Problem requirements: Which of the lines in the data mention the string "with"? List them all.

---------- Extracted data

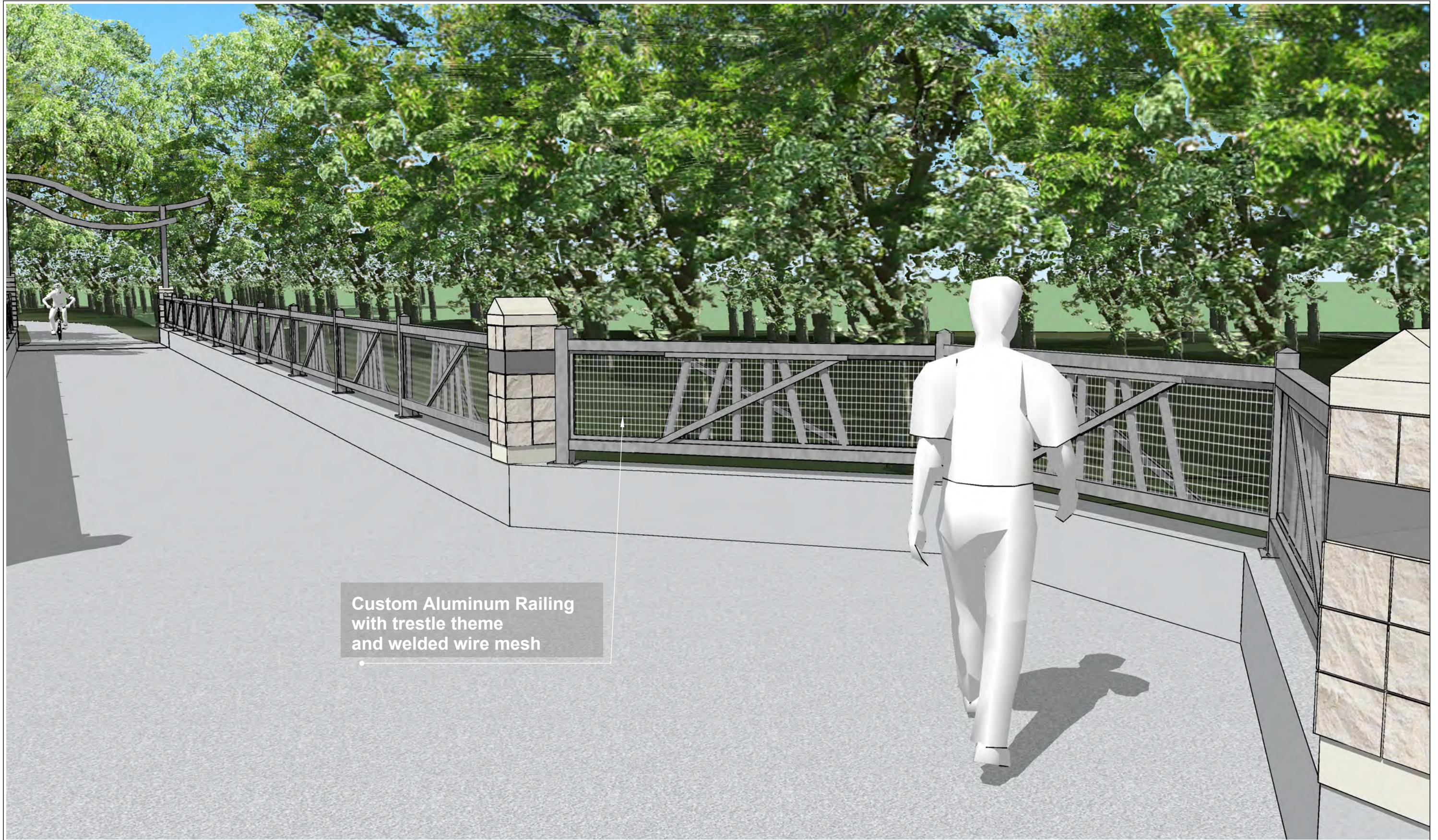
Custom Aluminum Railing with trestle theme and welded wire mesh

--------------------
---------- Extracted data

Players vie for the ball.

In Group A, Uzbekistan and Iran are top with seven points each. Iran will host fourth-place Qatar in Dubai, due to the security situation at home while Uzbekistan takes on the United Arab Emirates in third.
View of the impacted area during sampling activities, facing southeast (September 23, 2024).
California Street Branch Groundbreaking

--------------------

Answer section:
Custom Aluminum Railing with trestle theme and welded wire mesh
In Group A, Uzbekistan and Iran are top with seven points each. Iran will host fourth-place Qatar in Dubai, due to the security situation at home while Uzbekistan takes on the United Arab Emirates in third.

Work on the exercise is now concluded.